Work order => The expected output is the full set of entries, printed exactly, without pictures.

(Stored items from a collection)
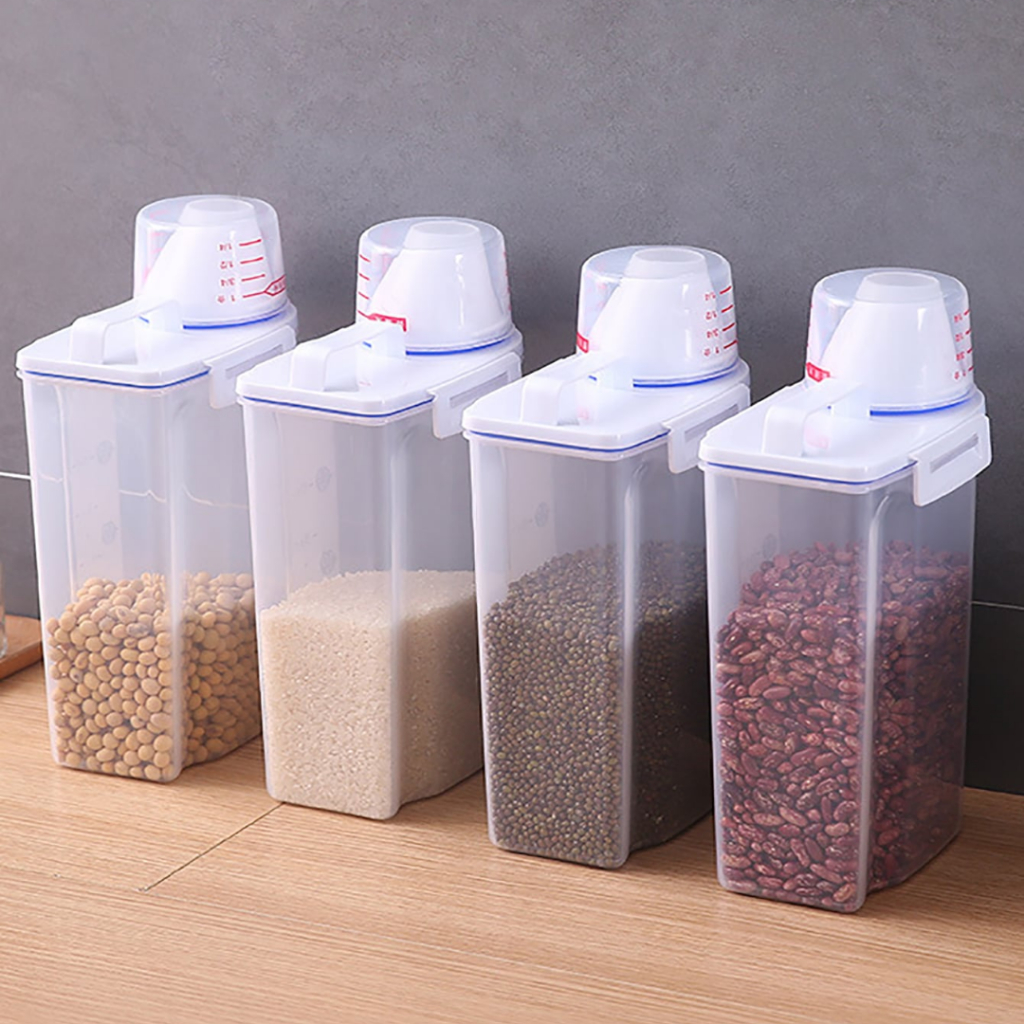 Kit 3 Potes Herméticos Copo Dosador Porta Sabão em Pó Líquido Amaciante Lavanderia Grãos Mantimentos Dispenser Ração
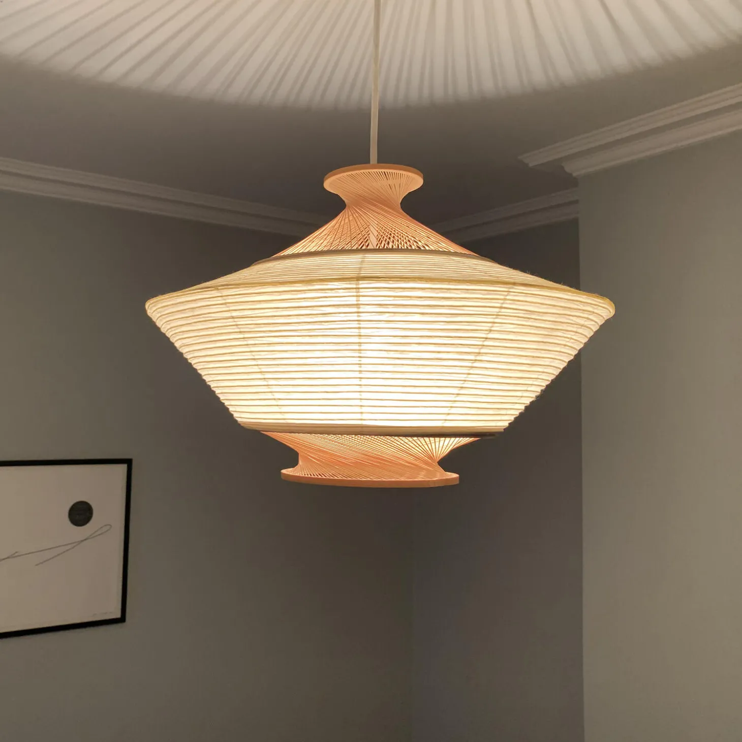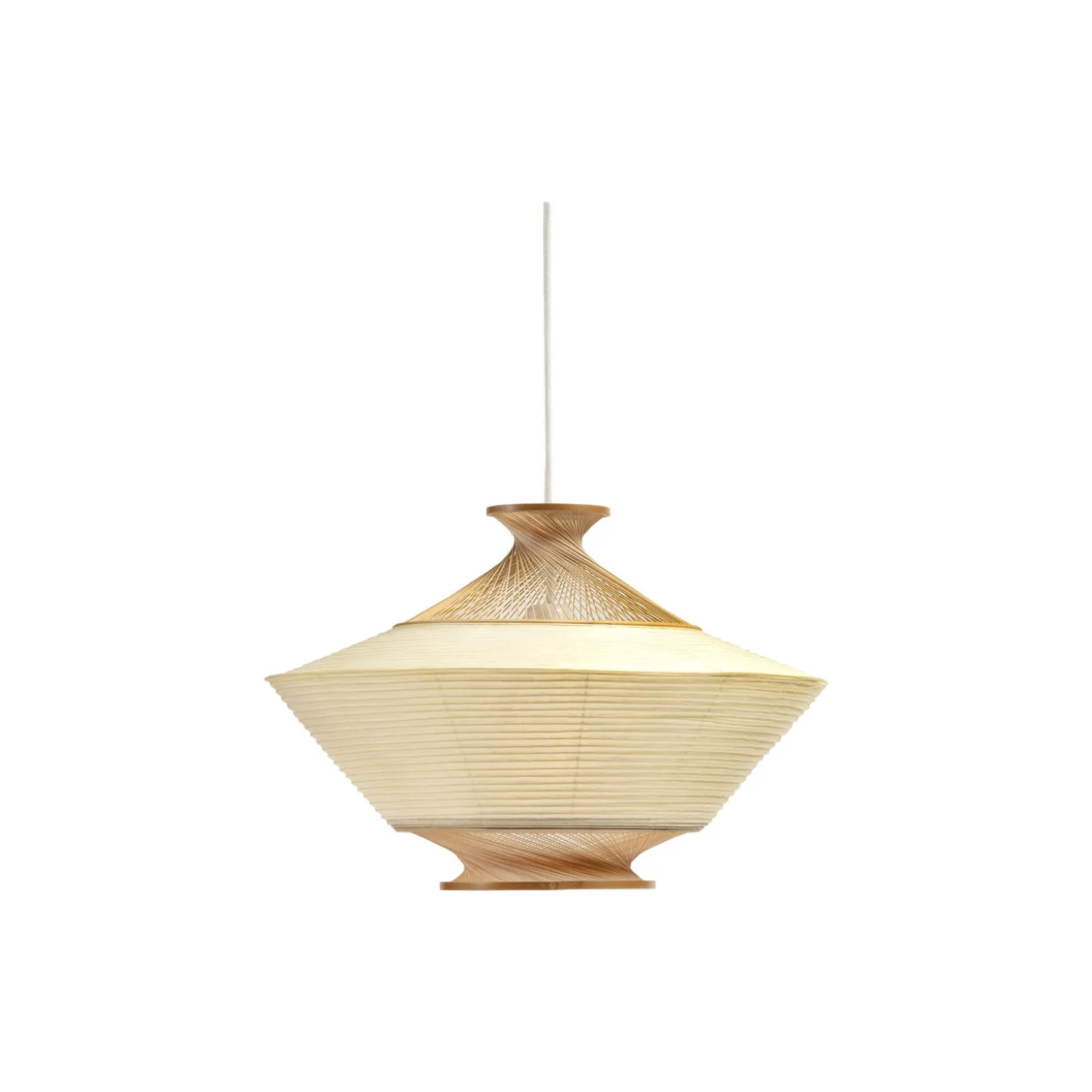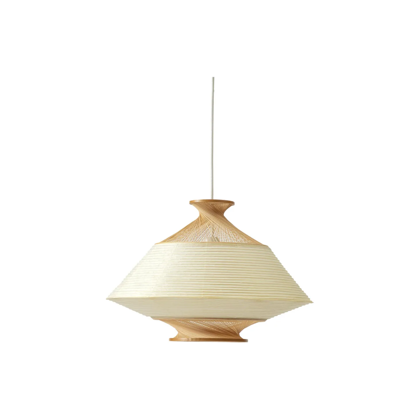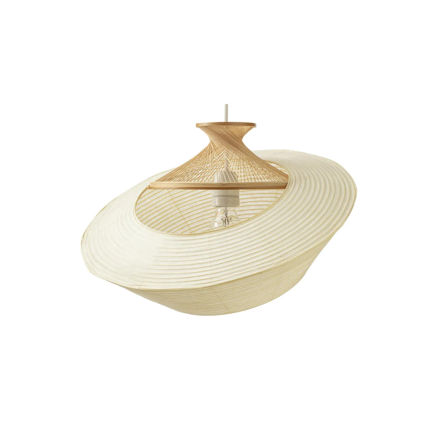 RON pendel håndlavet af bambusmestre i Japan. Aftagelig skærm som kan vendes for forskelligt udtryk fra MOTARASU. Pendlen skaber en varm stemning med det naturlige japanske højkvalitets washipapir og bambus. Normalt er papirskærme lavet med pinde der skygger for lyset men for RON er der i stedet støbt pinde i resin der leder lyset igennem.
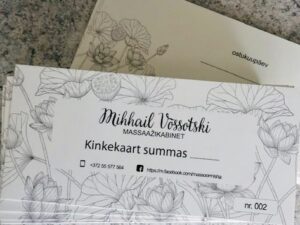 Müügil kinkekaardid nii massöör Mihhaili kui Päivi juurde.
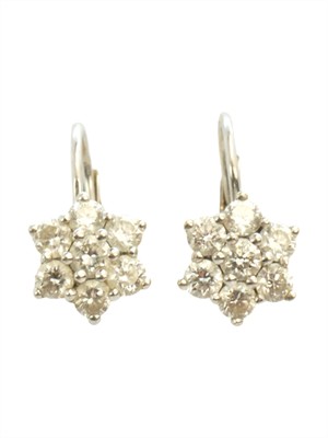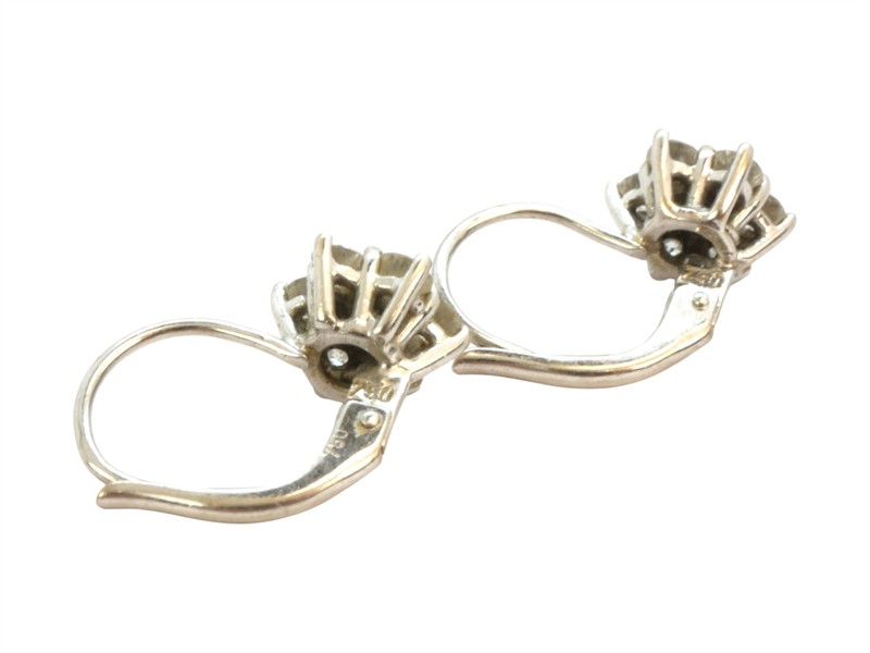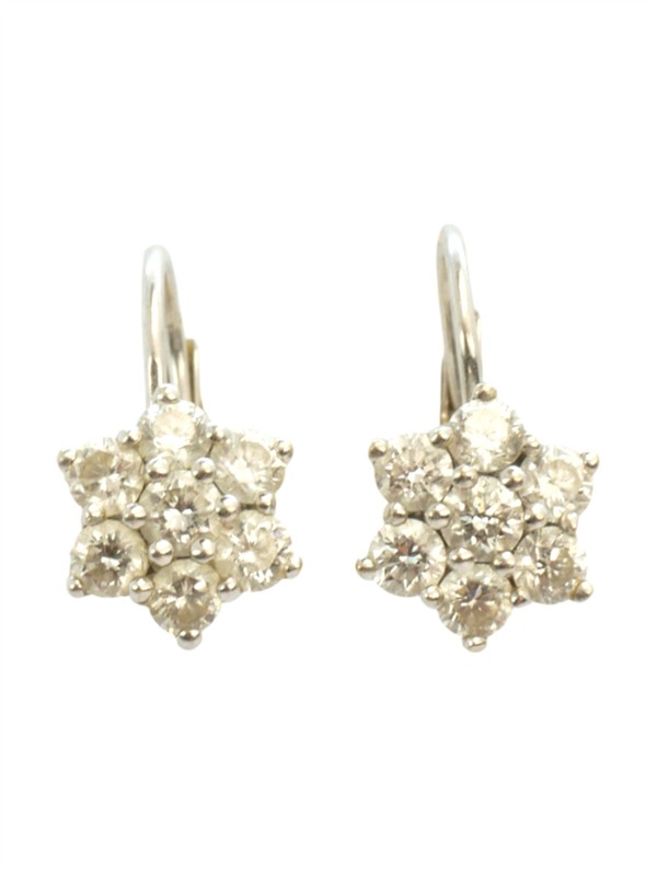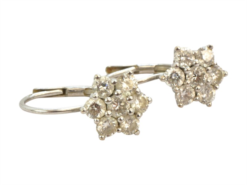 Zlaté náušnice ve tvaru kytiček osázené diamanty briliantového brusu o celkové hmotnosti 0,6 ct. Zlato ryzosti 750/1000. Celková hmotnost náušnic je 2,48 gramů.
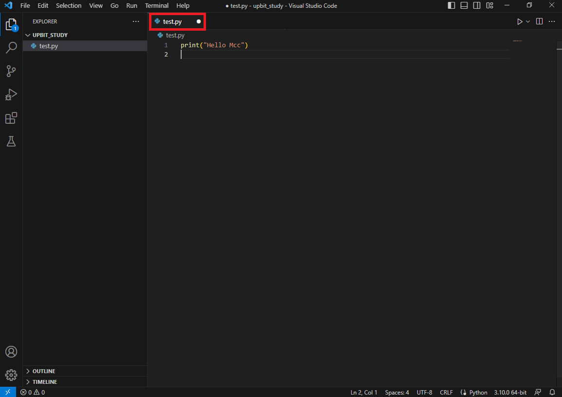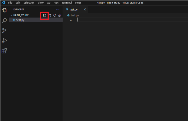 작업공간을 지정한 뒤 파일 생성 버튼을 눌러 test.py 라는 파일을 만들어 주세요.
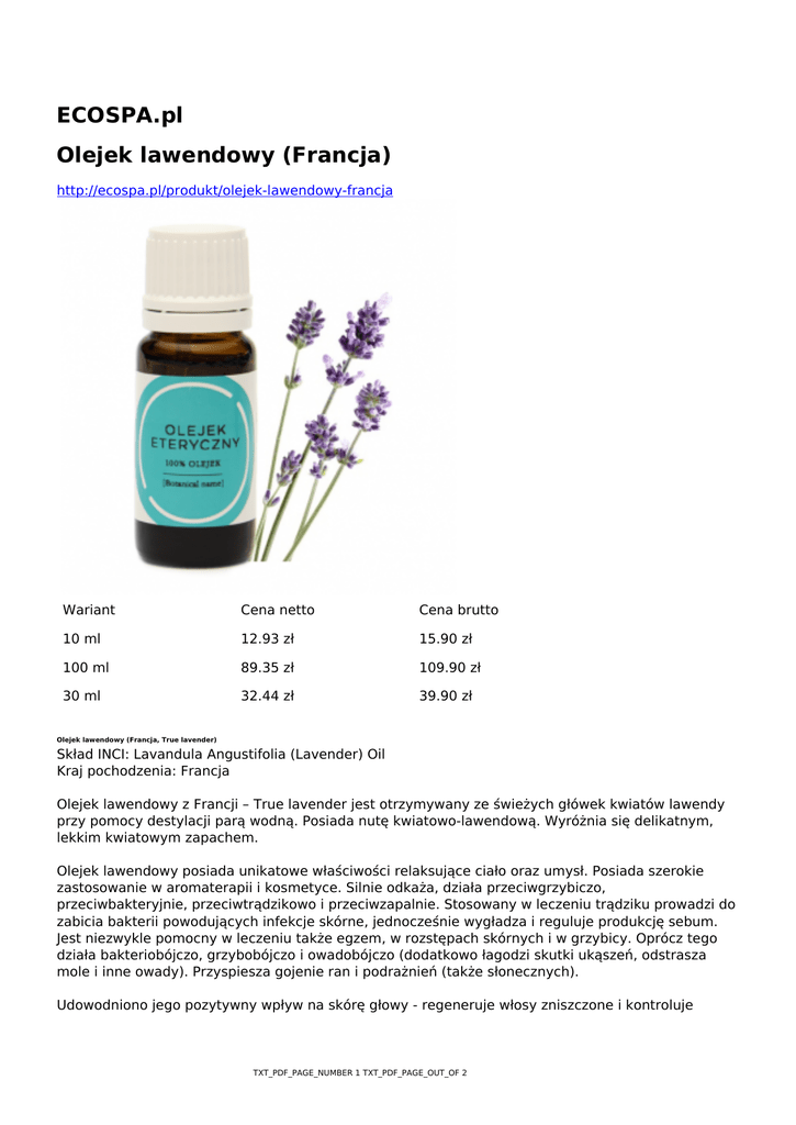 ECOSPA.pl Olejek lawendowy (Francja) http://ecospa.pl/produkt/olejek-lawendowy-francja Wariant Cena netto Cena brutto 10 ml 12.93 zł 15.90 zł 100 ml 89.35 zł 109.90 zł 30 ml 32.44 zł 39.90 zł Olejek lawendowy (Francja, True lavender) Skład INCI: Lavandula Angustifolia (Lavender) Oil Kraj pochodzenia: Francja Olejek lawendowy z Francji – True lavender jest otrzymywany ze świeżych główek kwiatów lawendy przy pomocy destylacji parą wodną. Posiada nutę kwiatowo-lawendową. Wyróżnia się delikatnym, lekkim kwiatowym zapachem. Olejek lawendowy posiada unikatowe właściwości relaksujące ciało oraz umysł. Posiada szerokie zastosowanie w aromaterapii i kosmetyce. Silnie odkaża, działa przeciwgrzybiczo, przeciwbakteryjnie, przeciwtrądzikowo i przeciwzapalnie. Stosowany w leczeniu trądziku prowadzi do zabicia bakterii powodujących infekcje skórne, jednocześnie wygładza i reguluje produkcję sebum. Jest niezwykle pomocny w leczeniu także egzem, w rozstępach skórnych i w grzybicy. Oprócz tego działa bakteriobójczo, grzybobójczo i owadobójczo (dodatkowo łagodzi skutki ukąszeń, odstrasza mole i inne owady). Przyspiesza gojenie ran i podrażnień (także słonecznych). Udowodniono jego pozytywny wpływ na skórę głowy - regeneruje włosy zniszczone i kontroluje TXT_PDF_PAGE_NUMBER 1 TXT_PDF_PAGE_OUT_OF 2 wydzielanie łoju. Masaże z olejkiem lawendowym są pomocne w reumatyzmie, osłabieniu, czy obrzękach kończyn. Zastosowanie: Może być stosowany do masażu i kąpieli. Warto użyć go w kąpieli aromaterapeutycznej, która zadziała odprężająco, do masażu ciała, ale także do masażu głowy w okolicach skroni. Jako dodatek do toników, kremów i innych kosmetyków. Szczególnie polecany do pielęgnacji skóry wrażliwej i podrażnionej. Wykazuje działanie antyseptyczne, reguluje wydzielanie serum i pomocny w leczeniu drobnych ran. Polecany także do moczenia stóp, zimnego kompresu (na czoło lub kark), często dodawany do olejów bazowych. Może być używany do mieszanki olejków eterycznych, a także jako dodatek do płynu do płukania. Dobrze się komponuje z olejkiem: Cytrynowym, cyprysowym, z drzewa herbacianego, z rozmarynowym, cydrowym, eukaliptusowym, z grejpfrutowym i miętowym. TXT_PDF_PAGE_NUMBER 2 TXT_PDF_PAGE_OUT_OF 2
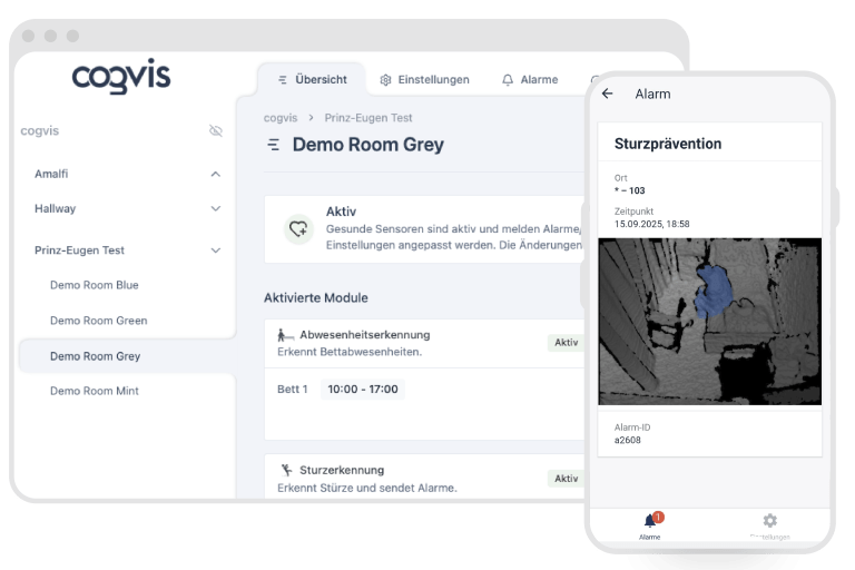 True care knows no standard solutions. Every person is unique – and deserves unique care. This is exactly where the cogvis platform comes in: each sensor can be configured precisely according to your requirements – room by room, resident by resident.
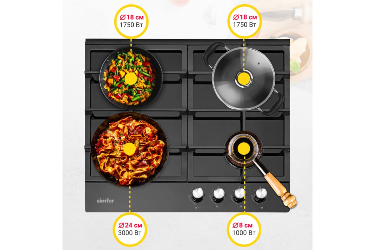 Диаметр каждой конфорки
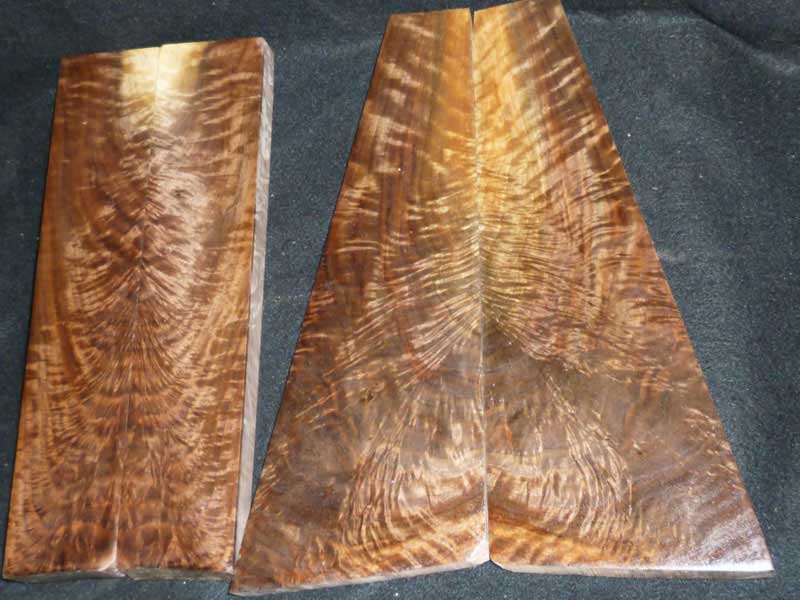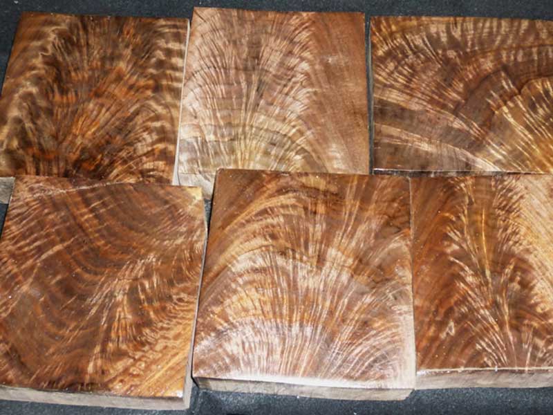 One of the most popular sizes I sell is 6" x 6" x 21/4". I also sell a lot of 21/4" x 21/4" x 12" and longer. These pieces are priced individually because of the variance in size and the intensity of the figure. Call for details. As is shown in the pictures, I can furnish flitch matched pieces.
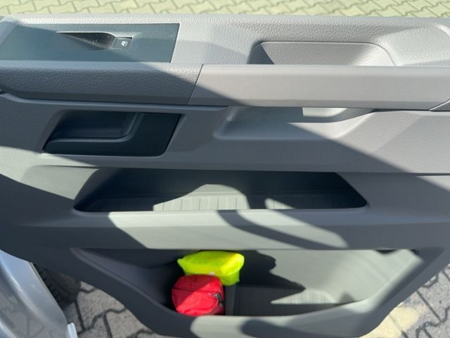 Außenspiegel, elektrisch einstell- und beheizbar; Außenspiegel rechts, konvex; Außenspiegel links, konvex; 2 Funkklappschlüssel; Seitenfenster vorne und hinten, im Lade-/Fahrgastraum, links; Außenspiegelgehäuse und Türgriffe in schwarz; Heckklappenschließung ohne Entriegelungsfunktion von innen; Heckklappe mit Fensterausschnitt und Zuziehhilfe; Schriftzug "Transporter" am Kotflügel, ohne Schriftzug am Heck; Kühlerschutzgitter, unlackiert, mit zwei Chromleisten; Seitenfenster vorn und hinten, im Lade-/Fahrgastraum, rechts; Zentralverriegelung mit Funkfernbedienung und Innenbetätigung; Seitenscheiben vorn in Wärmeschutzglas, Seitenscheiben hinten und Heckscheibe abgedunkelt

Written answer =>
 Kit 3 Potes Herméticos Copo Dosador Porta Sabão em Pó Líquido Amaciante Lavanderia Grãos Mantimentos Dispenser Ração
 RON pendel håndlavet af bambusmestre i Japan. Aftagelig skærm som kan vendes for forskelligt udtryk fra MOTARASU. Pendlen skaber en varm stemning med det naturlige japanske højkvalitets washipapir og bambus. Normalt er papirskærme lavet med pinde der skygger for lyset men for RON er der i stedet støbt pinde i resin der leder lyset igennem.
 Müügil kinkekaardid nii massöör Mihhaili kui Päivi juurde.
 Zlaté náušnice ve tvaru kytiček osázené diamanty briliantového brusu o celkové hmotnosti 0,6 ct. Zlato ryzosti 750/1000. Celková hmotnost náušnic je 2,48 gramů.
 작업공간을 지정한 뒤 파일 생성 버튼을 눌러 test.py 라는 파일을 만들어 주세요.
 ECOSPA.pl Olejek lawendowy (Francja) http://ecospa.pl/produkt/olejek-lawendowy-francja Wariant Cena netto Cena brutto 10 ml 12.93 zł 15.90 zł 100 ml 89.35 zł 109.90 zł 30 ml 32.44 zł 39.90 zł Olejek lawendowy (Francja, True lavender) Skład INCI: Lavandula Angustifolia (Lavender) Oil Kraj pochodzenia: Francja Olejek lawendowy z Francji – True lavender jest otrzymywany ze świeżych główek kwiatów lawendy przy pomocy destylacji parą wodną. Posiada nutę kwiatowo-lawendową. Wyróżnia się delikatnym, lekkim kwiatowym zapachem. Olejek lawendowy posiada unikatowe właściwości relaksujące ciało oraz umysł. Posiada szerokie zastosowanie w aromaterapii i kosmetyce. Silnie odkaża, działa przeciwgrzybiczo, przeciwbakteryjnie, przeciwtrądzikowo i przeciwzapalnie. Stosowany w leczeniu trądziku prowadzi do zabicia bakterii powodujących infekcje skórne, jednocześnie wygładza i reguluje produkcję sebum. Jest niezwykle pomocny w leczeniu także egzem, w rozstępach skórnych i w grzybicy. Oprócz tego działa bakteriobójczo, grzybobójczo i owadobójczo (dodatkowo łagodzi skutki ukąszeń, odstrasza mole i inne owady). Przyspiesza gojenie ran i podrażnień (także słonecznych). Udowodniono jego pozytywny wpływ na skórę głowy - regeneruje włosy zniszczone i kontroluje TXT_PDF_PAGE_NUMBER 1 TXT_PDF_PAGE_OUT_OF 2 wydzielanie łoju. Masaże z olejkiem lawendowym są pomocne w reumatyzmie, osłabieniu, czy obrzękach kończyn. Zastosowanie: Może być stosowany do masażu i kąpieli. Warto użyć go w kąpieli aromaterapeutycznej, która zadziała odprężająco, do masażu ciała, ale także do masażu głowy w okolicach skroni. Jako dodatek do toników, kremów i innych kosmetyków. Szczególnie polecany do pielęgnacji skóry wrażliwej i podrażnionej. Wykazuje działanie antyseptyczne, reguluje wydzielanie serum i pomocny w leczeniu drobnych ran. Polecany także do moczenia stóp, zimnego kompresu (na czoło lub kark), często dodawany do olejów bazowych. Może być używany do mieszanki olejków eterycznych, a także jako dodatek do płynu do płukania. Dobrze się komponuje z olejkiem: Cytrynowym, cyprysowym, z drzewa herbacianego, z rozmarynowym, cydrowym, eukaliptusowym, z grejpfrutowym i miętowym. TXT_PDF_PAGE_NUMBER 2 TXT_PDF_PAGE_OUT_OF 2
 True care knows no standard solutions. Every person is unique – and deserves unique care. This is exactly where the cogvis platform comes in: each sensor can be configured precisely according to your requirements – room by room, resident by resident.
 Диаметр каждой конфорки
 One of the most popular sizes I sell is 6" x 6" x 21/4". I also sell a lot of 21/4" x 21/4" x 12" and longer. These pieces are priced individually because of the variance in size and the intensity of the figure. Call for details. As is shown in the pictures, I can furnish flitch matched pieces.
 Außenspiegel, elektrisch einstell- und beheizbar; Außenspiegel rechts, konvex; Außenspiegel links, konvex; 2 Funkklappschlüssel; Seitenfenster vorne und hinten, im Lade-/Fahrgastraum, links; Außenspiegelgehäuse und Türgriffe in schwarz; Heckklappenschließung ohne Entriegelungsfunktion von innen; Heckklappe mit Fensterausschnitt und Zuziehhilfe; Schriftzug "Transporter" am Kotflügel, ohne Schriftzug am Heck; Kühlerschutzgitter, unlackiert, mit zwei Chromleisten; Seitenfenster vorn und hinten, im Lade-/Fahrgastraum, rechts; Zentralverriegelung mit Funkfernbedienung und Innenbetätigung; Seitenscheiben vorn in Wärmeschutzglas, Seitenscheiben hinten und Heckscheibe abgedunkelt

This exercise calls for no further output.